DNA testing works by detecting certain parts, or 'markers' in the DNA molecule that are known to vary greatly between people who are unrelated, but are shared by people who are related. Cellmark uses a 24 marker test (one of the markers is only found in males, and another is used to determine biological sex) to compare the DNA from the people being tested and to assess their biological relationship.

The original DNA techniques for paternity testing were developed by Professor Sir Alec Jeffreys at the University of Leicester in 1984. Using this technology Cellmark became the UK’s first DNA paternity testing company in 1987. Today the technology has evolved allowing us to provide quicker, cheaper paternity tests but still with the same high levels of certainty that only DNA testing can provide.

The DNA process used today is called Short Tandem Repeat (STR) profiling, a highly sensitive process that was originally developed for forensic analysis. DNA is extracted from each mouth swab in Cellmark’s UK laboratories and the STR markers are then detected and measured. A DNA profile is the combined result of multiple STR markers. The DNA profile is shown in the test report as a series of numbers, which represent the size of the individual STR markers that have been tested.

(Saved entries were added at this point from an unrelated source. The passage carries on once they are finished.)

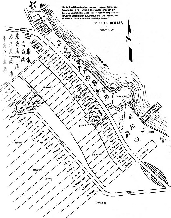 Сначала немцы хотели расселиться по всему острову, но это оказалось неудобно и опасно: на них нападали разбойники и поселенцы, жившие напротив острова, на левом берегу Днепра в Александровской крепости и вокруг. Последние совершали грабежи и убийства, поэтому немцы основали компактную колонию. К концу XIX века в колонии Хортица насчитывалось три тысячи жителей[23].
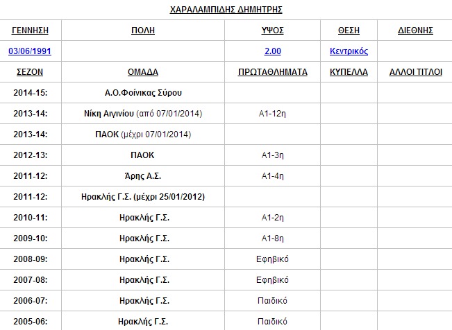 Ο Δημήτρης Χαραλαμπίδης γεννήθηκε στις 3-6-1991, έχει ύψος 2,00 και αγωνίζεται στη θέση του κεντρικού. Πέρυσι αγωνίστηκε σε ΠΑΟΚ (Α’ γύρος) και Νίκη Αιγινίου (Β’ γύρος), ενώ παλιότερα έχει την φανέλα και των Άρη, Ηρακλή.
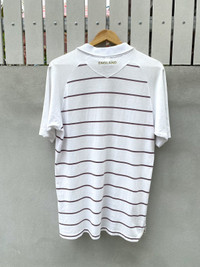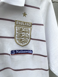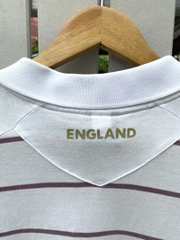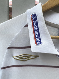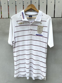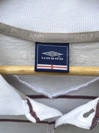 Rare official England National Team polo shirt by Umbro, believed to be from the 2002–2003 era. Made in collaboration with Descente, Japan. Features Nationwide sponsor patches on the collar and chest, gold-stitched Umbro logo, and a clean striped design throughout. Great for fans of early 2000s football style, terrace casualwear, or collectors of vintage England kits. Crisp collar, full embroidered crest, and subtle embroidered “ENGLAND” detail inside the collar. Spare button included. • Brand : Umbro • Era : 2002~2003 • Size : Tagged L/XL • Condition : Excellent vintage condition, have 1 stain (can wash) • Made in China (by Descente Japan) • Color: White with maroon stripes • Sponsor : Nationwide • Tag : Official Licensed Product *I will ship within 1-3 days after cleared payment 📦 Ships worldwide from Thailand with tracking number. 💬 DM for questions or measurements. ✅ Accepting offers — no returns / no exchanges. #umbro #football #polo #sportswear

A child inherits half of its DNA from each parent. Cellmark’s scientists will compare the STR markers in the child’s profile with the alleged parent(s) to determine if they are related. Testing will either exclude the man from paternity with 100% certainty, or will provide a probability of paternity which is usually in excess of 99.9999% (if the child’s mother is included in the test).

When carrying out a paternity test, including a sample from the mother (as well as from the child and alleged father) will always provide a more conclusive result.